- [Material provided]:
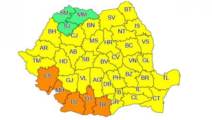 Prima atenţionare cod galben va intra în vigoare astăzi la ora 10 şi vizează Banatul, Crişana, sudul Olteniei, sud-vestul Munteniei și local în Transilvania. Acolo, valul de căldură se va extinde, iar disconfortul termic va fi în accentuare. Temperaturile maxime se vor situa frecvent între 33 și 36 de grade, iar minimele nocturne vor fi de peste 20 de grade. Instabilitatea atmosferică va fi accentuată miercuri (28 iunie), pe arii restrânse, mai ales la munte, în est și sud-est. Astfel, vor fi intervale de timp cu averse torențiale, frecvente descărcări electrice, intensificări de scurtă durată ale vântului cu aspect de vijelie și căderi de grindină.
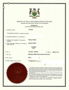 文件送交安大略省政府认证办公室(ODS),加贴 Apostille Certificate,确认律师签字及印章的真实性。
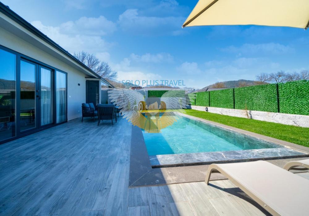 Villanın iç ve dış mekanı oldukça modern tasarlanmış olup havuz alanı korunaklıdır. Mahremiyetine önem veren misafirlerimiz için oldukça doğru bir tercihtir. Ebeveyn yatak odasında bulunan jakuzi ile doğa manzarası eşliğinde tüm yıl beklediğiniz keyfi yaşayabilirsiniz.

--

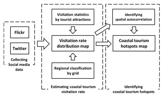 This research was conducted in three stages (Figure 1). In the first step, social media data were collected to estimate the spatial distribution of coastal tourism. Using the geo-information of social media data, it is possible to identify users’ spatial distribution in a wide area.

- [What the task asks]:
Beginning with the line that contains "Prima atenţionare cod", write out the lines of the material above exactly, and end with the line that contains "Villanın iç ve". Omit the pictures.

- [Answer space]:
 Prima atenţionare cod galben va intra în vigoare astăzi la ora 10 şi vizează Banatul, Crişana, sudul Olteniei, sud-vestul Munteniei și local în Transilvania. Acolo, valul de căldură se va extinde, iar disconfortul termic va fi în accentuare. Temperaturile maxime se vor situa frecvent între 33 și 36 de grade, iar minimele nocturne vor fi de peste 20 de grade. Instabilitatea atmosferică va fi accentuată miercuri (28 iunie), pe arii restrânse, mai ales la munte, în est și sud-est. Astfel, vor fi intervale de timp cu averse torențiale, frecvente descărcări electrice, intensificări de scurtă durată ale vântului cu aspect de vijelie și căderi de grindină.
 文件送交安大略省政府认证办公室(ODS),加贴 Apostille Certificate,确认律师签字及印章的真实性。
 Villanın iç ve dış mekanı oldukça modern tasarlanmış olup havuz alanı korunaklıdır. Mahremiyetine önem veren misafirlerimiz için oldukça doğru bir tercihtir. Ebeveyn yatak odasında bulunan jakuzi ile doğa manzarası eşliğinde tüm yıl beklediğiniz keyfi yaşayabilirsiniz.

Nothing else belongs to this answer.